Supplied information:
>>>
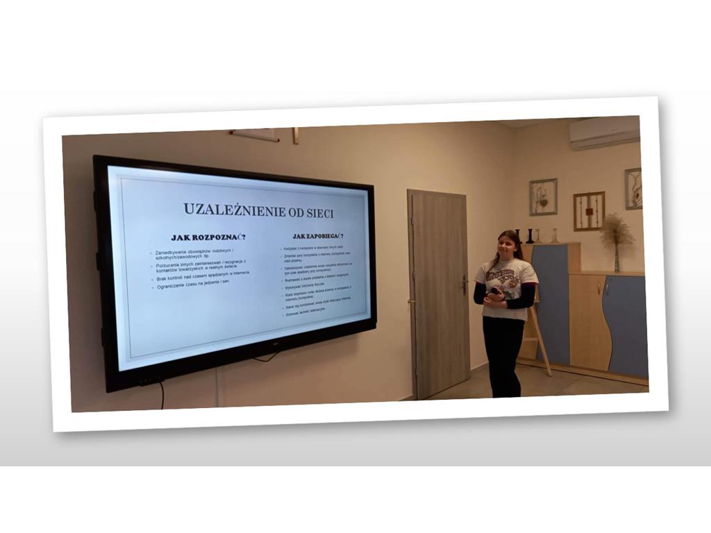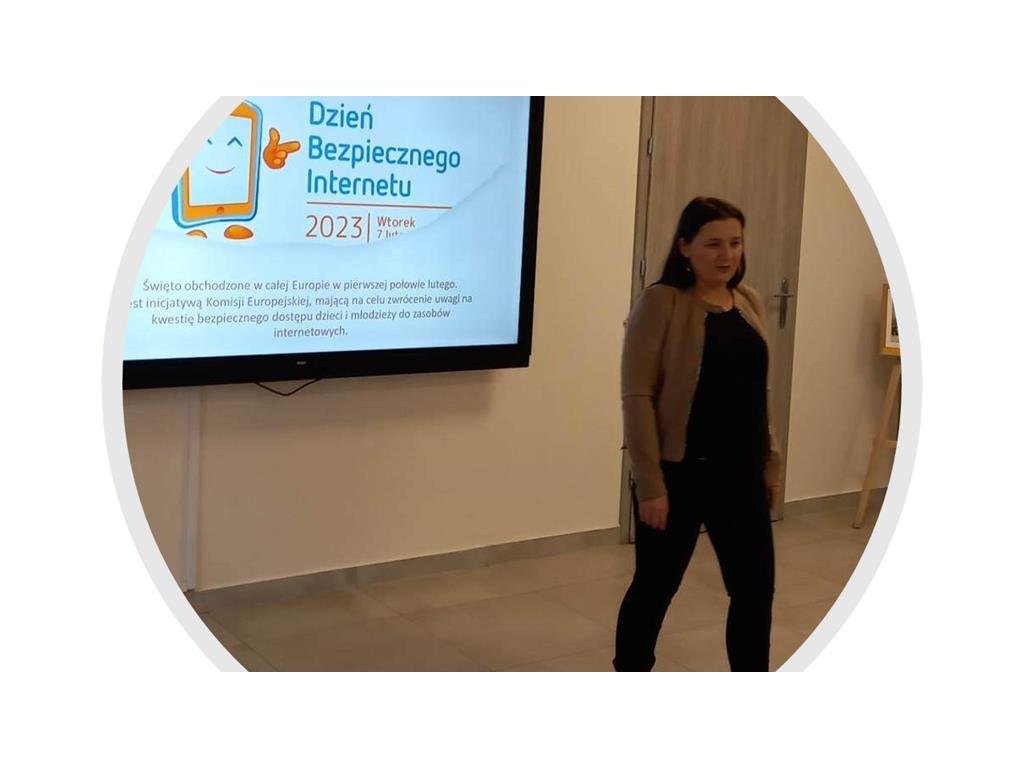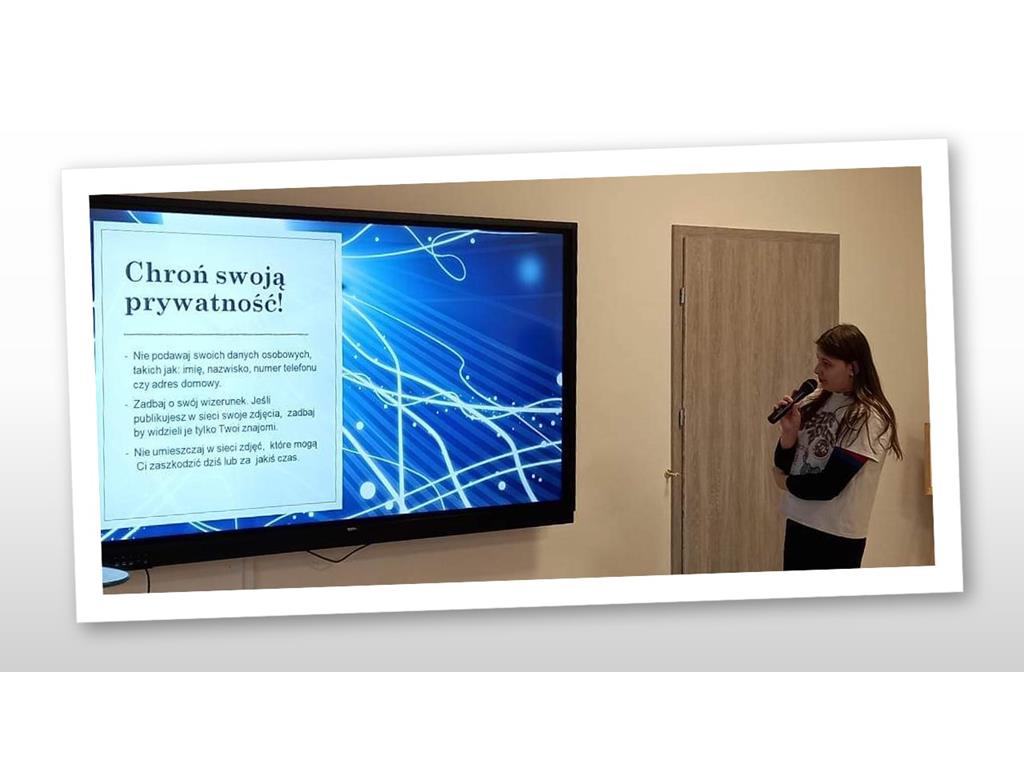 Uczennica klasy ósmej przygotowała prelekcję na temat „Jak bezpiecznie korzystać z Internetu i social mediów”, którą przedstawiła wszystkim uczniom szkoły. Zebrani podczas obchodów zostali zapoznani z różnymi zagrożeniami w sieci i sposobami reagowania na nie, oglądali filmy edukacyjne na temat „Hejt”, „Bezpieczeństwie w kontaktach z innymi”, „Wiarygodność informacji w sieci”, „Bezpieczeństwo własnego wizerunku” oraz „Edukacja prawna – cyberprzemoc”.
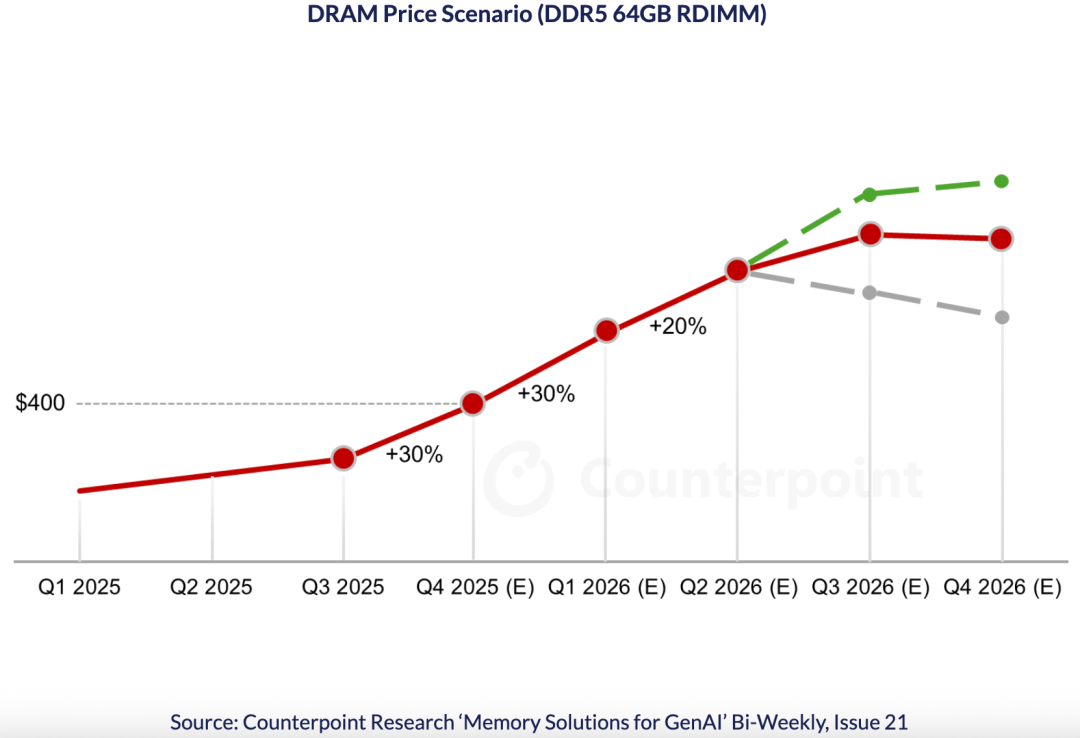 Counterpoint預(yù)計(jì),2026年第一季度內(nèi)存價(jià)格將進(jìn)一步上漲40%-50%,第二季度還將上漲約20%。
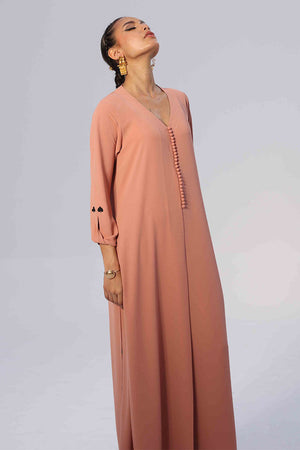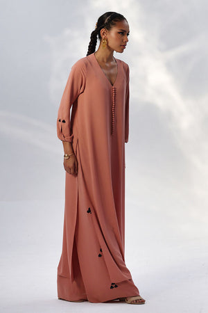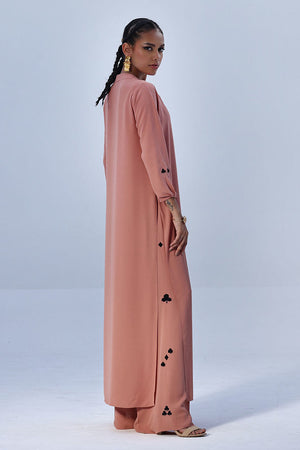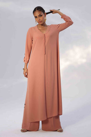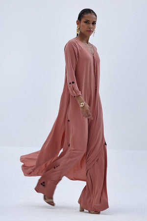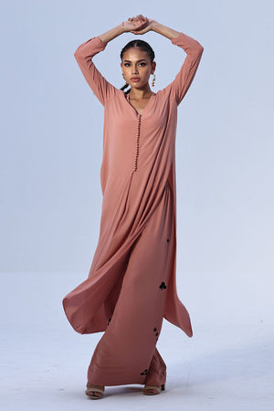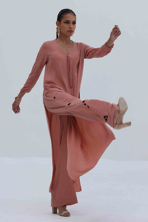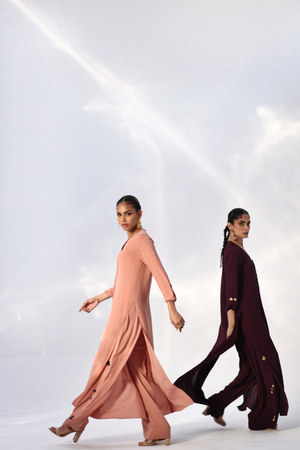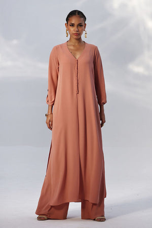 This Melted Clay Georgette outfit features a lightweight shirt with Resham embroidery on the sleeves, adding a refined touch to its fluid silhouette. Paired with matching culottes, detailed with Resham embroidery along both sides, the set offers effortless style with subtle craftsmanship.
<<<
Brief: Please output the material above again, exactly, and omit every image.

Answer area:
 Uczennica klasy ósmej przygotowała prelekcję na temat „Jak bezpiecznie korzystać z Internetu i social mediów”, którą przedstawiła wszystkim uczniom szkoły. Zebrani podczas obchodów zostali zapoznani z różnymi zagrożeniami w sieci i sposobami reagowania na nie, oglądali filmy edukacyjne na temat „Hejt”, „Bezpieczeństwie w kontaktach z innymi”, „Wiarygodność informacji w sieci”, „Bezpieczeństwo własnego wizerunku” oraz „Edukacja prawna – cyberprzemoc”.
 Counterpoint預(yù)計(jì),2026年第一季度內(nèi)存價(jià)格將進(jìn)一步上漲40%-50%,第二季度還將上漲約20%。
 This Melted Clay Georgette outfit features a lightweight shirt with Resham embroidery on the sleeves, adding a refined touch to its fluid silhouette. Paired with matching culottes, detailed with Resham embroidery along both sides, the set offers effortless style with subtle craftsmanship.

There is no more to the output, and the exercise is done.